Try to push an empty commit and refresh the page. It should work.

git commit --allow-empty -m "Trigger rebuild"
git push

If you have the correct repository name and you still get a 404 error a solution might be to push to the repository.

This is what worked for me. After the push it showed up instantly.

Name your repository correctly, as stated in the first step:

Head over to GitHub and create a new repository named username.github.io, where username is your username (or organization name) on GitHub.

I had the same problem. I fixed it by going to the Settings for the repository and changing the name of the Repository to username.github.io

What I did was to add a README.md file. I typed something in the README.md and committed the change to the main branch and immediately, the page started showing. Here it is: https://akcumeh.github.io/03-sunnyside

Interestingly, I've never had to do that before to be able to view my site, but I had to do that today. I think someone mentioned this in a previous answer on this same thread...

In my case I had the correct repository name and still got a 404 error.

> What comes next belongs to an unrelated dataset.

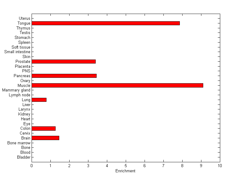 The expression level is normalized with tissue-library size. Each value for a gene in a tissue is a ratio of observed ESTs to the expected one in this tissue. The expected number of ESTs is the product of total ESTs of the gene and the fraction of total ESTs in the tissue among all ESTs in 30 tissues.

Then I found this answer, so I made a change and pushed again. This time the changes from my first push showed up. So I waited for a while and then few minutes later, the changes from my second pushed showed up. It might just be the case that changes are not visible instantaneously.

For me the second commit directly shown my Github page. This is very useful.

If you have named your repository correctly like <username>.github.io, and it is showing Github pages is under maintenance, then wait for a few minutes and then refresh. Your site will show up.

But, if it is showing 404 error, then check if you have index.html in your root folder and your Github pages setting is enabled from the settings tab.

Go to this link - https://github.com/<username>/<username>.github.io/settings And check Github Pages section in which you have to configure the Source.

you can simply change the folder from root to docs or vice versa.

It worked for me.

As of 2022, having created a repository,

  1. I had to navigate to project settings,
  2. then Pages,
  3. then click Enable (or similar), choose the branch I'd like to use (master in my case), save,
  4. then push a single commit to refresh GitHub Pages.

Project was hosted instantly under https://USERNAME.github.io/PROJECTNAME/.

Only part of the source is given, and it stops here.